In [1]:
'''!wget http://storage.googleapis.com/download.tensorflow.org/data/spa-eng.zip
!unzip -q spa-eng.zip'''

'!wget http://storage.googleapis.com/download.tensorflow.org/data/spa-eng.zip\n!unzip -q spa-eng.zip'

In [2]:
text_file = r"path to spa.txt"
with open(text_file, encoding='utf-8') as f:
    lines = f.read().split("\n")[:-1]
text_pairs = [] 

for line in lines: 
    english, spanish = line.split("\t") 
    spanish = "[start] " + spanish + " [end]" 
    text_pairs.append((english, spanish))

In [3]:
import random
print(random.choice(text_pairs))

('You had better hurry. The train leaves at three.', '[start] Sería mejor que os dierais prisa, el tren sale a las tres. [end]')


In [4]:
#Splitting into train-test-val

random.shuffle(text_pairs)
num_val_samples = int(0.15 * len(text_pairs))
num_train_samples = len(text_pairs) - 2*num_val_samples
train_pairs = text_pairs[:num_train_samples]
val_pairs = text_pairs[num_train_samples: num_train_samples+num_val_samples]
test_pairs = text_pairs[num_train_samples+num_val_samples:]

In [5]:
#Two different TextVectorization layers for English and Spanish; Spanish has the extra ulta ? to be stripped, 
#and we want to preserve [start] and [end] tokens that we've inserted

#Because toy example, we're stripping all punctuation; otherwise, we would tokenise them too so that generated
#output has correct punctuation

import tensorflow as tf
import string
import re

#Find a way to get ulta question mark
#strip_chars = string.punctuation + '?'

strip_chars = string.punctuation
strip_chars = strip_chars.replace('[', '')
strip_chars = strip_chars.replace(']', '')

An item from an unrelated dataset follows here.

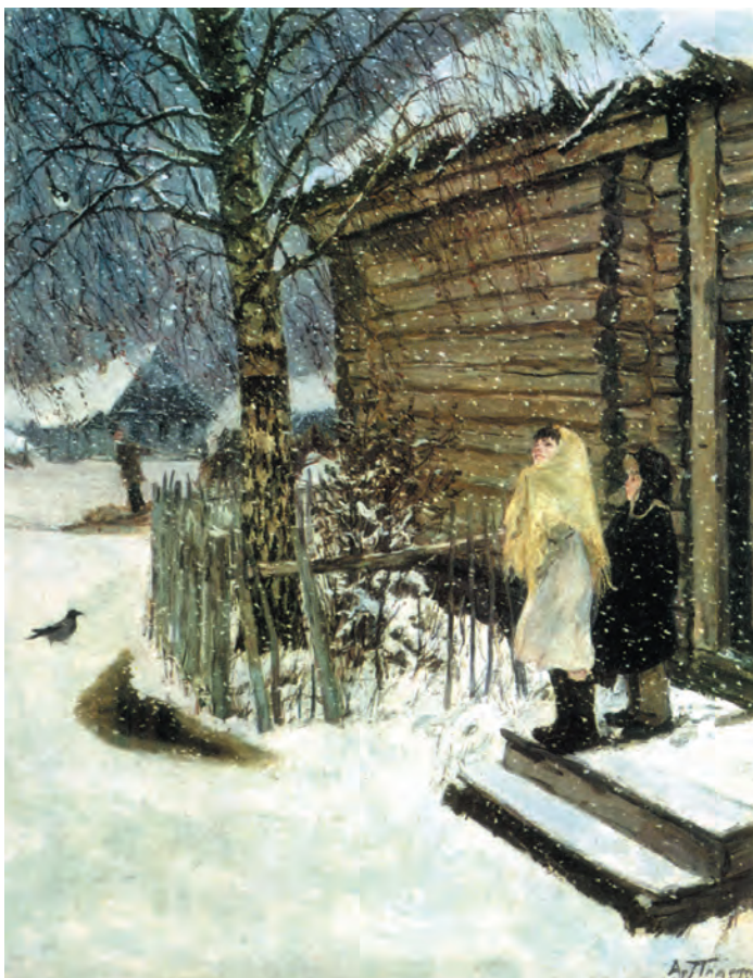
تصویر ۲۳-۳- اثر آرکادی پلاستف، رنگ روغن روی بوم، (۱۱۳×۱۴۶ سانتی متر)

تصویر (۲۳-۳) اثر پلاستف، یک روز برفی را نشان می دهد. دو کودک با شیفتگی به تماشای بارش برف ایستاده اند. این اثر از دو رنگ مکمل زرد و بنفش به همراه خاکستریهای رنگی حاصل از ترکیب دو رنگ، نقاشی شده است. رنگ زرد در روسری دخترک و بنفش در آسمان دیده می شود. زرد، به خاطر شدت درخشش نسبت به بنفش، وسعت سطح کمتری دارد. بین زرد و بنفش رنگ کلبه قرار دارد که از ترکیب این دو رنگ ساخته شده است و عامل چرخش چشم بین این دو رنگ است.

def custom_standardization(input_string):
  lowercase = tf.strings.lower(input_string)
  return tf.strings.regex_replace(lowercase, f"[{re.escape(strip_chars)}]", '')

In [6]:
vocab_size=15000
sequence_length=20

from tensorflow.keras import layers as layers
import tensorflow.keras as keras

source_vectorization = layers.TextVectorization(max_tokens=vocab_size, output_mode='int', output_sequence_length=sequence_length)
target_vectorization = layers.TextVectorization(max_tokens=vocab_size, output_mode='int', output_sequence_length=sequence_length+1,
                                                standardize=custom_standardization)

train_english_texts = [pair[0] for pair in train_pairs]
train_spanish_texts = [pair[1] for pair in train_pairs]
source_vectorization.adapt(train_english_texts)
target_vectorization.adapt(train_spanish_texts)

In [7]:
#Preparing datasets for translation

batch_size = 64

def format_dataset(eng, spa):
  eng = source_vectorization(eng)
  spa = target_vectorization(spa)
  return ({'english': eng, 'spanish':spa[:, :-1]}, spa[:, 1:])


def make_dataset(pairs):
  eng_texts, spa_texts = zip(*pairs)
  eng_texts, spa_texts = list(eng_texts), list(spa_texts)
  dataset = tf.data.Dataset.from_tensor_slices((eng_texts, spa_texts))
  dataset = dataset.batch(batch_size)
  dataset = dataset.map(format_dataset, num_parallel_calls=4)
  return dataset.shuffle(2048).prefetch(16).cache()

train_ds = make_dataset(train_pairs)
val_ds = make_dataset(val_pairs)

In [8]:
for inputs, targets in train_ds.take(1):
  print(f"inputs['english'].shape: {inputs['english'].shape}")
  print(f"inputs['spanish'].shape: {inputs['spanish'].shape}")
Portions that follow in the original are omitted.